WORK ORDER: Leave out every picture, and return exactly the lines from the line containing "Using a variety" through the end of the records below, both inclusive.

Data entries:
##############################

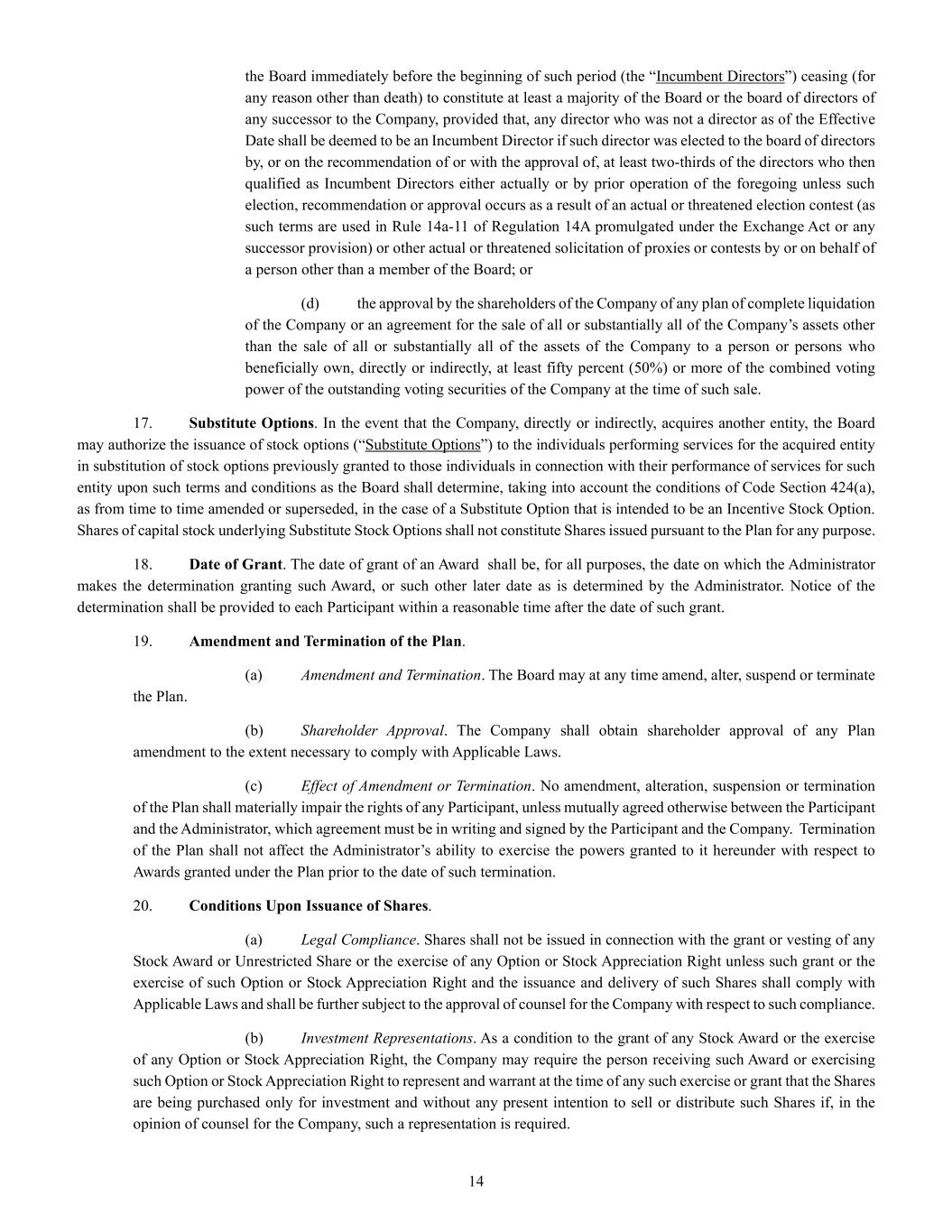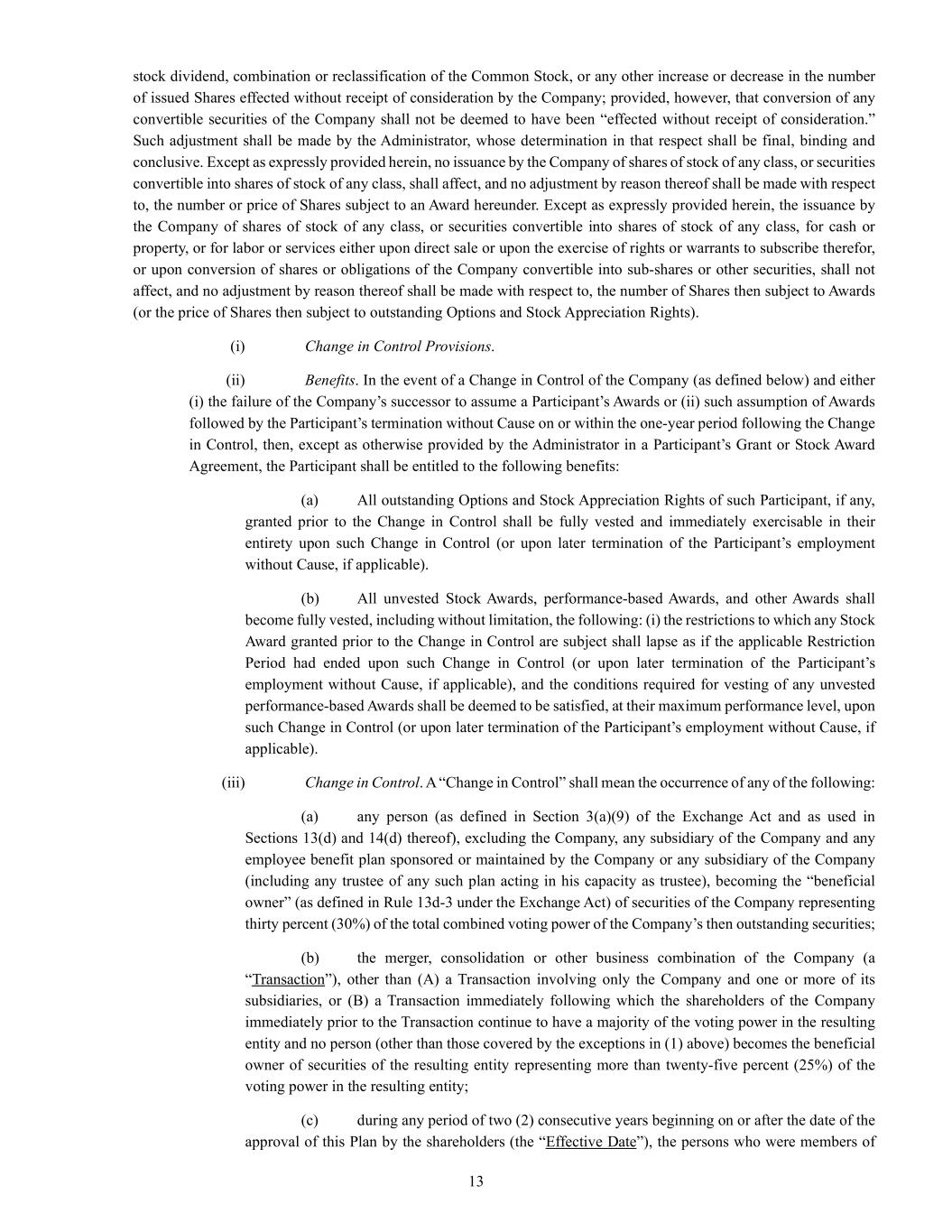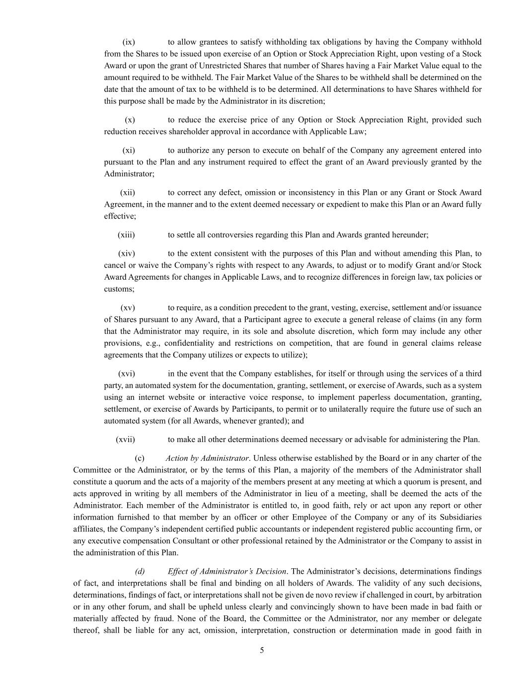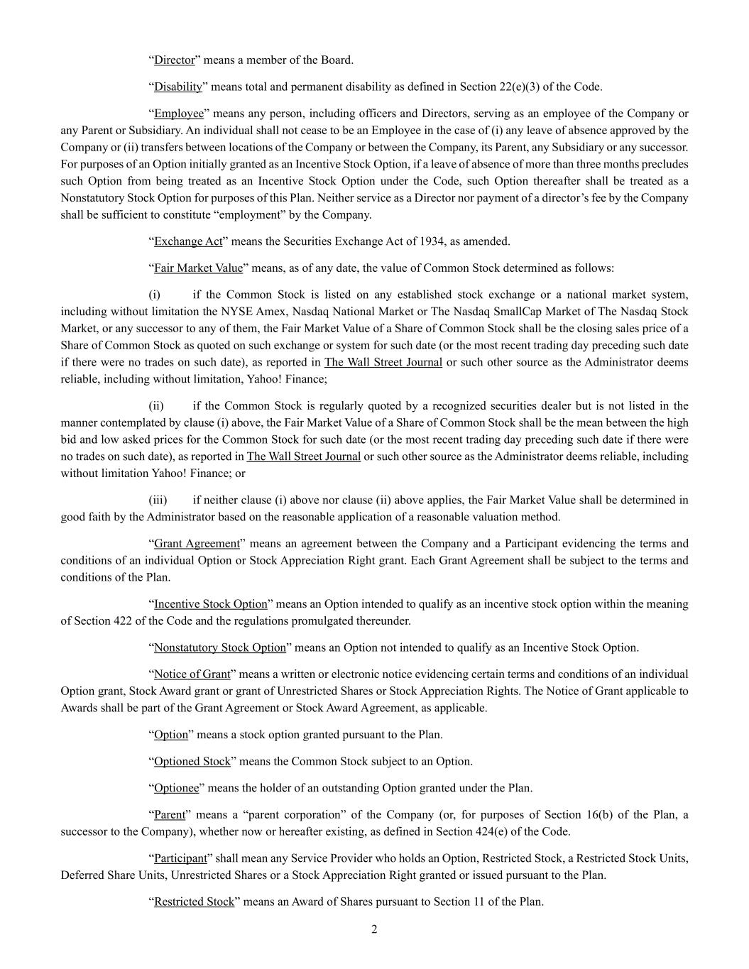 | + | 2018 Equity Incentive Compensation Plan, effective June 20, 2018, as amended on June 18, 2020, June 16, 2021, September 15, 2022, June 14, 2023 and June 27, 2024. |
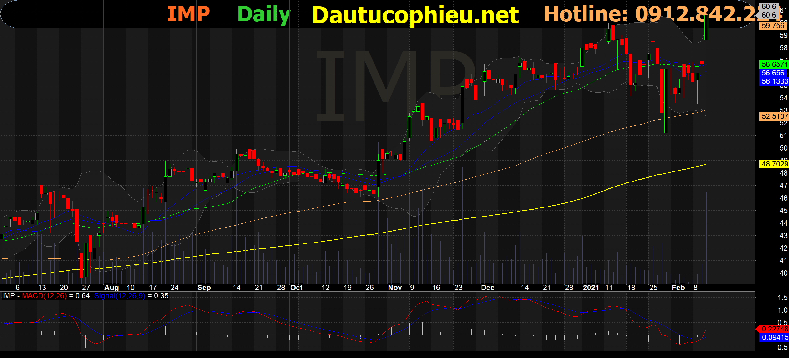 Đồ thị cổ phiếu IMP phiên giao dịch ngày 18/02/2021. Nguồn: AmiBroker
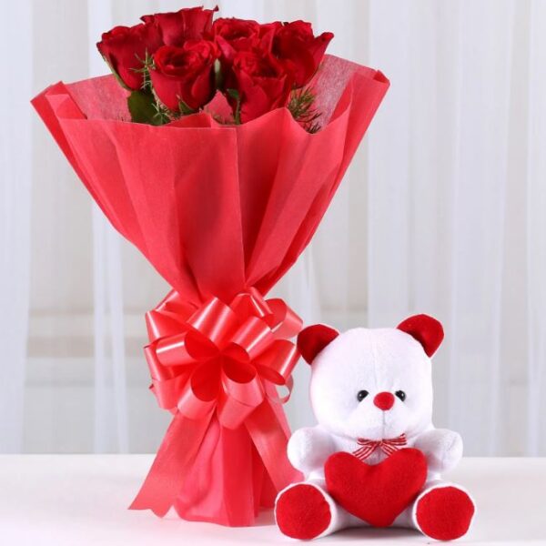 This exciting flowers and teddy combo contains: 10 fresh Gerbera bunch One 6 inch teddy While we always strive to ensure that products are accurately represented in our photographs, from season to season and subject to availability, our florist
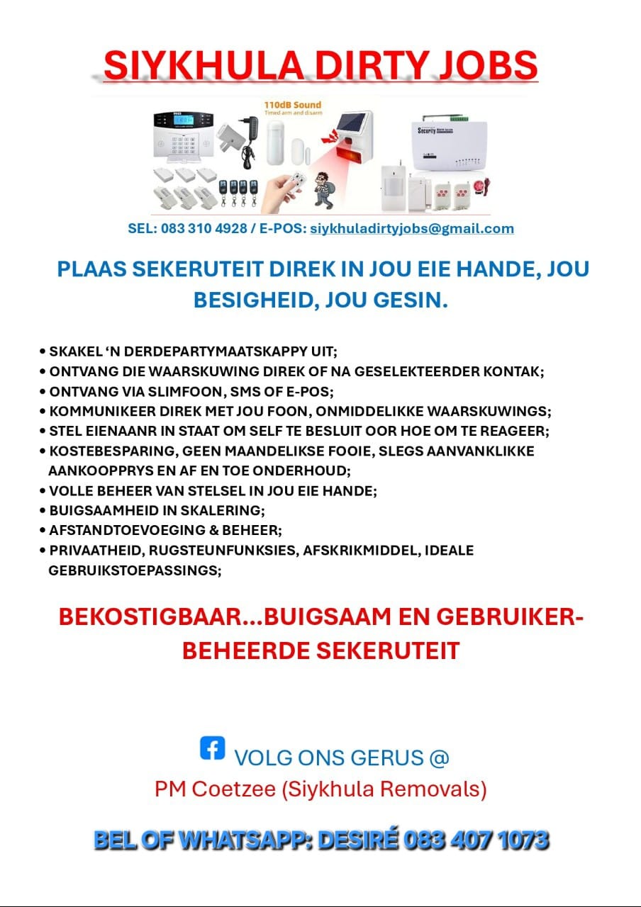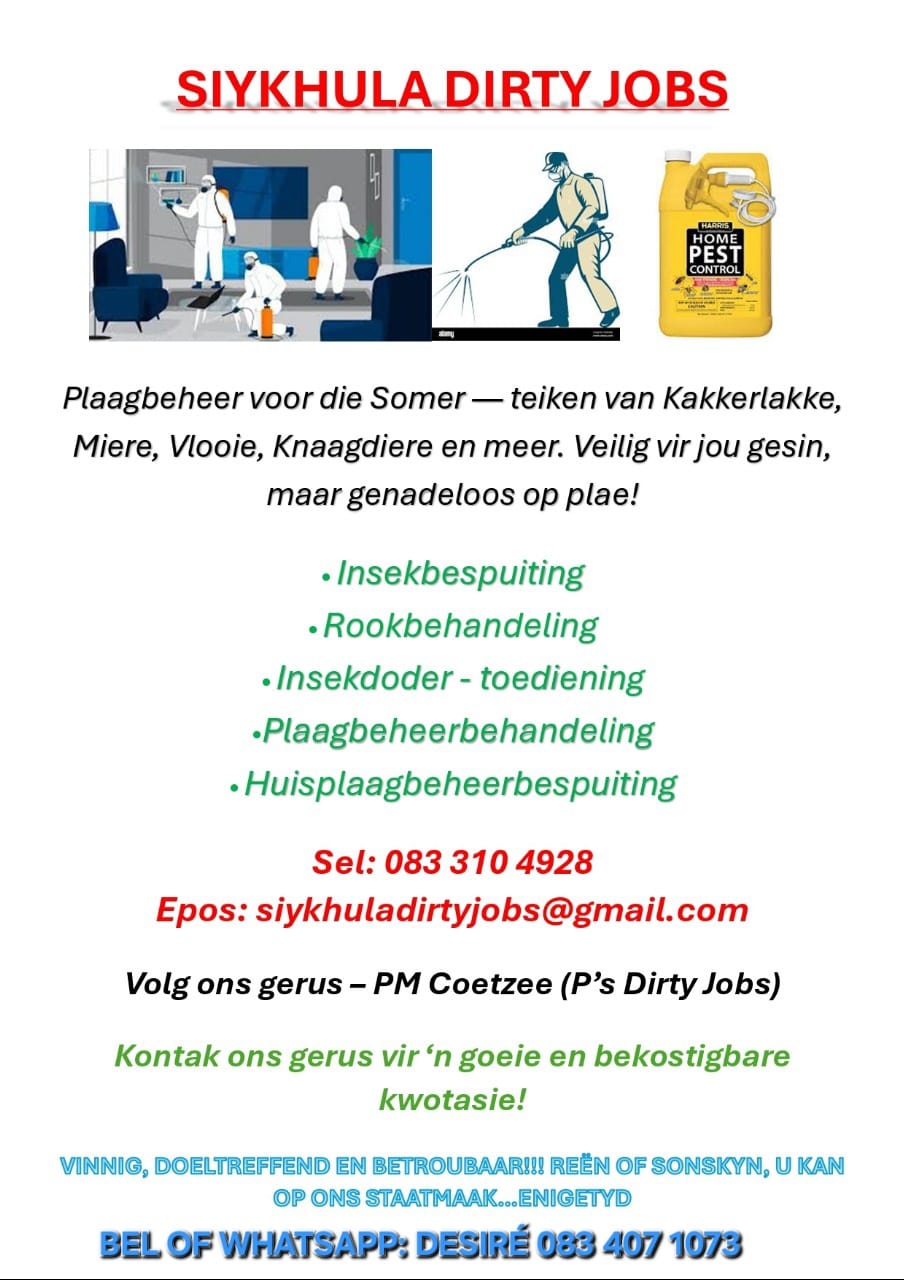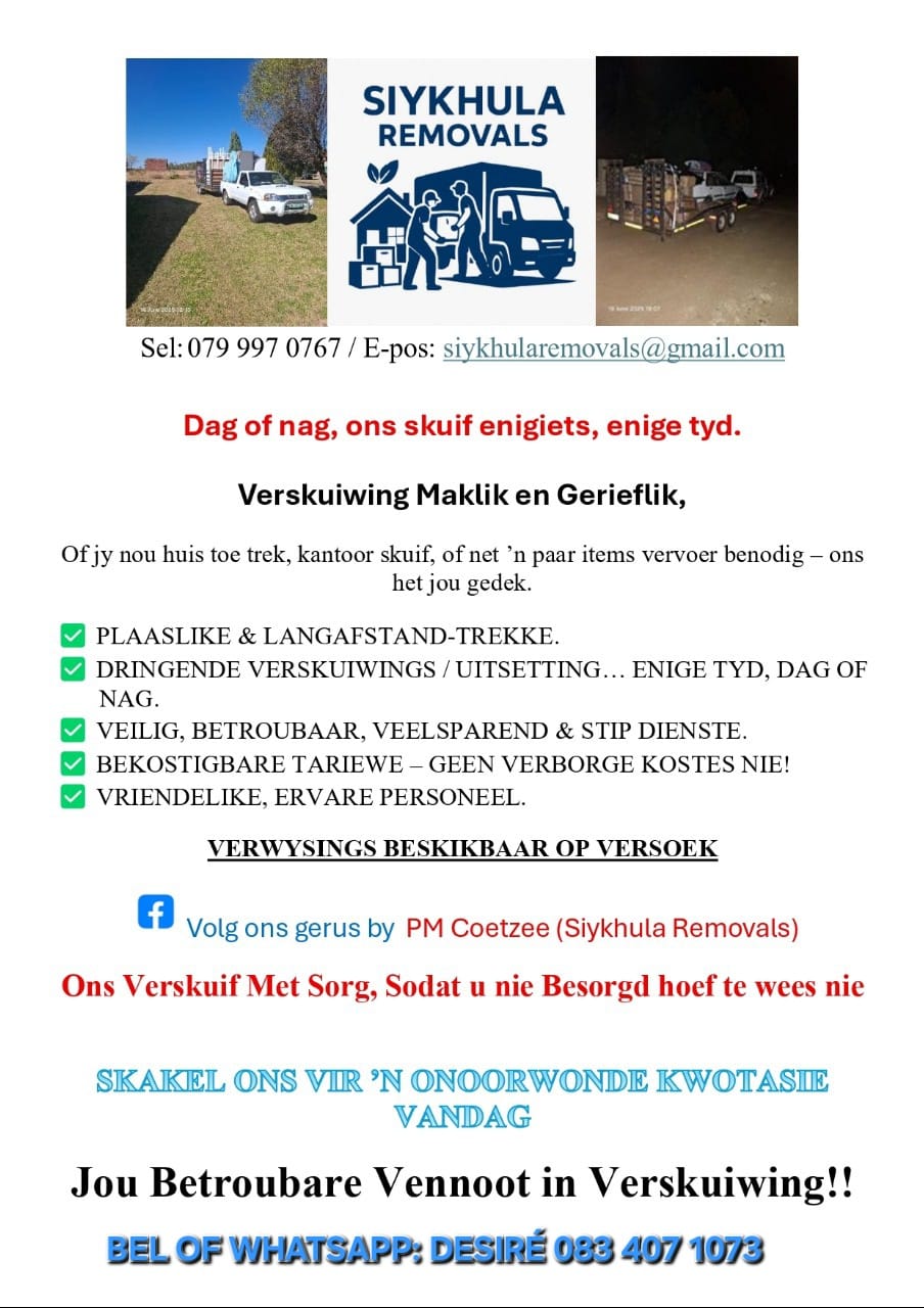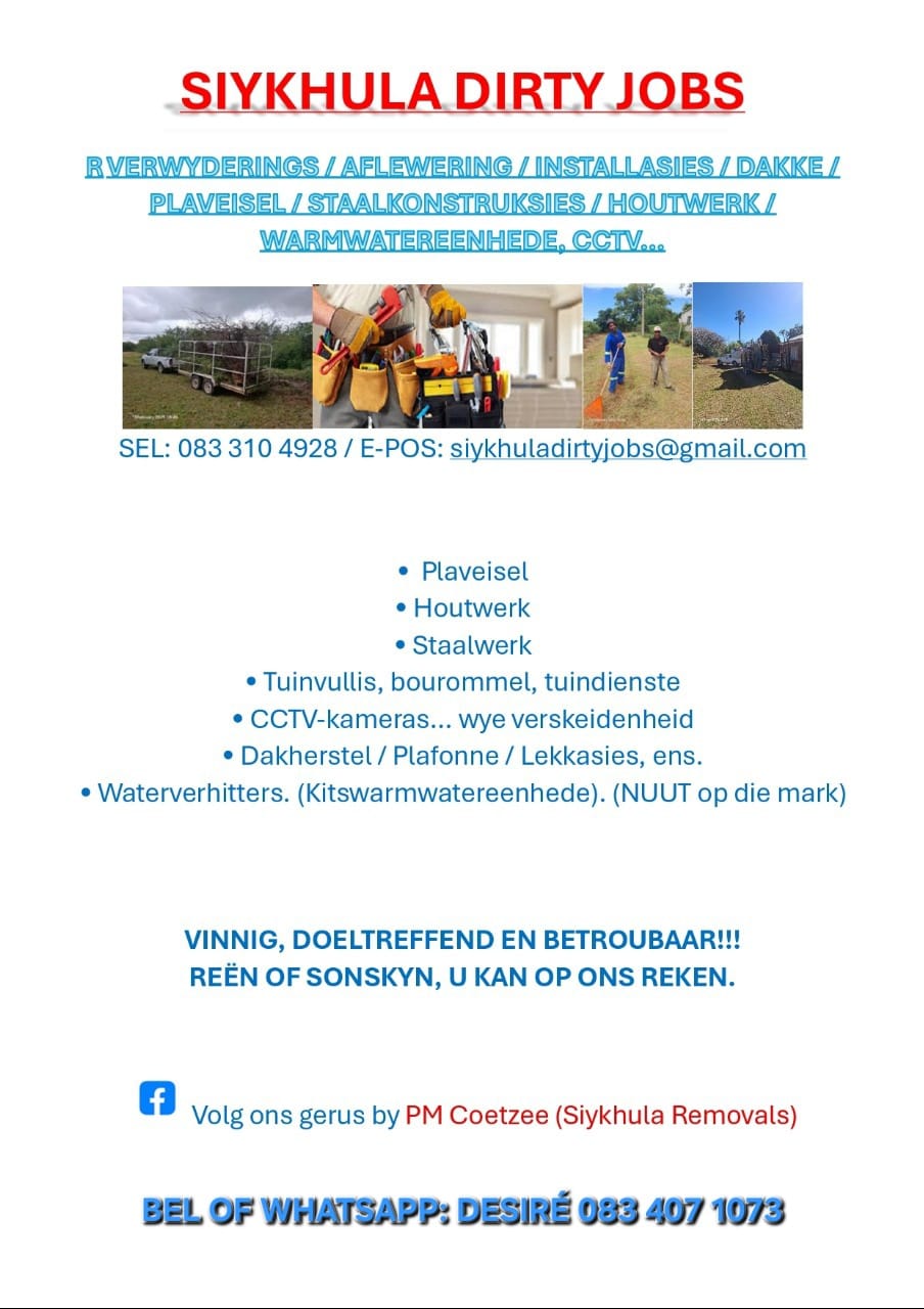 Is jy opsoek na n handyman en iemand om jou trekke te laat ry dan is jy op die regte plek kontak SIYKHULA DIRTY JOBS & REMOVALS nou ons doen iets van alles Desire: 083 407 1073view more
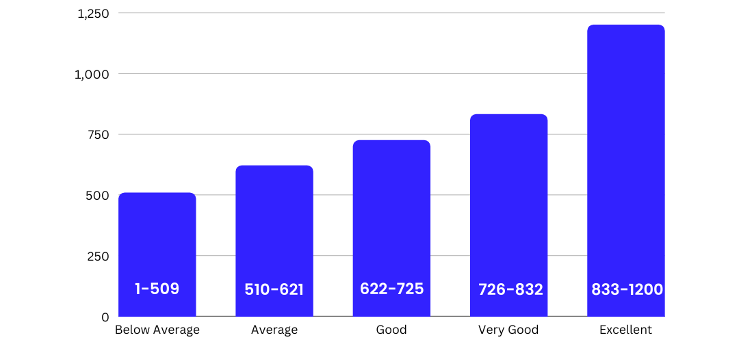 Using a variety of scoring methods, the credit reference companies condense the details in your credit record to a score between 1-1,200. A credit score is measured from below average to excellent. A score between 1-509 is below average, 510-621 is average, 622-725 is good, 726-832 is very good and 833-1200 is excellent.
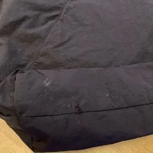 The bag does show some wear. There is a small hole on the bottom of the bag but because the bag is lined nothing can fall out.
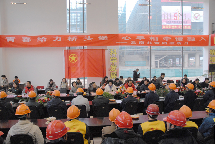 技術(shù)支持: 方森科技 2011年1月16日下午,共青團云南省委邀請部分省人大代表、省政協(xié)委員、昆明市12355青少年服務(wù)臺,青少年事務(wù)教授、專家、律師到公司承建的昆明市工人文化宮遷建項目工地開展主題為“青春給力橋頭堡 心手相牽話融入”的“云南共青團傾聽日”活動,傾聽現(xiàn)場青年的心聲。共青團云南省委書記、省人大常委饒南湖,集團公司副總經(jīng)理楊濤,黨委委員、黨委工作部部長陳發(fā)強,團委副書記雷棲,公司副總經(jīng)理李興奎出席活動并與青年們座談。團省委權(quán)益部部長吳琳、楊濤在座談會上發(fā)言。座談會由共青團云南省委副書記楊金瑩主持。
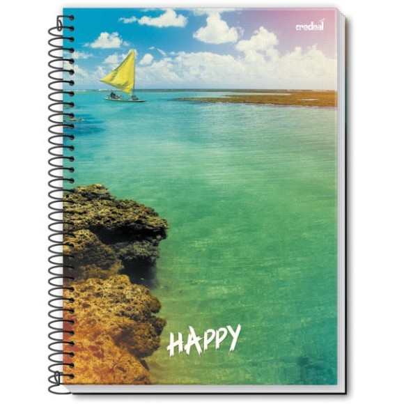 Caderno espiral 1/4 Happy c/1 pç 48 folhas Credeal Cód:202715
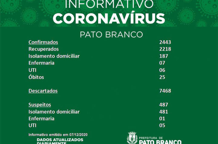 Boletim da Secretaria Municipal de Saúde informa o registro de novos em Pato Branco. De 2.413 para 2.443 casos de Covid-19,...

##############################

EXERCISE OUTPUT:
 Using a variety of scoring methods, the credit reference companies condense the details in your credit record to a score between 1-1,200. A credit score is measured from below average to excellent. A score between 1-509 is below average, 510-621 is average, 622-725 is good, 726-832 is very good and 833-1200 is excellent.
 The bag does show some wear. There is a small hole on the bottom of the bag but because the bag is lined nothing can fall out.
 技術(shù)支持: 方森科技 2011年1月16日下午,共青團云南省委邀請部分省人大代表、省政協(xié)委員、昆明市12355青少年服務(wù)臺,青少年事務(wù)教授、專家、律師到公司承建的昆明市工人文化宮遷建項目工地開展主題為“青春給力橋頭堡 心手相牽話融入”的“云南共青團傾聽日”活動,傾聽現(xiàn)場青年的心聲。共青團云南省委書記、省人大常委饒南湖,集團公司副總經(jīng)理楊濤,黨委委員、黨委工作部部長陳發(fā)強,團委副書記雷棲,公司副總經(jīng)理李興奎出席活動并與青年們座談。團省委權(quán)益部部長吳琳、楊濤在座談會上發(fā)言。座談會由共青團云南省委副書記楊金瑩主持。
 Caderno espiral 1/4 Happy c/1 pç 48 folhas Credeal Cód:202715
 Boletim da Secretaria Municipal de Saúde informa o registro de novos em Pato Branco. De 2.413 para 2.443 casos de Covid-19,...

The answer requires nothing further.